Ma questo non ricorda forse il più vecchio clichè del populismo? Forse anche peggio quando l’appello raggiunge direttamente i delusi di destra. Gli elettori di Berlusconi, i nostalgici del sogno Forza Italia. Renzi vuole vincere a tutti i costi e per farlo pesca con disinvoltura dall’altra parte. E’ in questo volo pindarico che il giovane aspirante leader tradisce quanto la sua ambizione personale sia ben più alta della sua statura politica. Almeno Berlusconi, che si sentiva dio, ci lasciava la certezza del suo odio-anticomunista, qui siamo davanti ad un nano che si sente ganzo e che non ci lascia nemmeno il ricordo di quello che dice.

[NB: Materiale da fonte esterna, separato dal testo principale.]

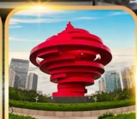
จตุรัสห้าสี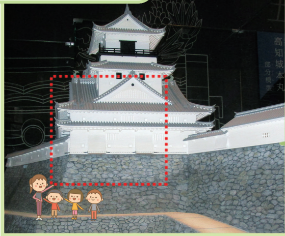
てんしゅ ひがしがわ 天守の東側

E’ brillante però, questo bisogna riconoscerlo, l’eloquio del giovane sindaco. Non dice niente, ma è bravissimo a dirlo. E’fresco, accattivante, è il parlato in maniche di camicia, è televisivo. E’ la migliore pubblicità che il Pd sia riuscito a produrre da quando è nato. Così perfetta da aver travasato un po’ di Pdl dentro il Pd e da aver portato il nemico in casa.

Se un progetto politico è valido per tutte le stagioni e per tutte le posizioni politiche, semplicemente non è uno né alcuno. E Renzi usa, come ha deciso di fare, tutta la benzina per essere il leader di tutti, anche perché ha ben chiaro che in caso di sconfitta dovrà trovarsi altre strade, se non vorrà diventare il primo boccone del partito che ha provato a cannibalizzare. Il giovanilismo come inno alla speranza non porterà a casa i cervelli in fuga, non salverà l’Ilva di Taranto o i minatori sardi. Non è il tempo di rottamare, ma di costruire. E qui servono i maestri, non gli alunni furbetti come il giovane Matteo.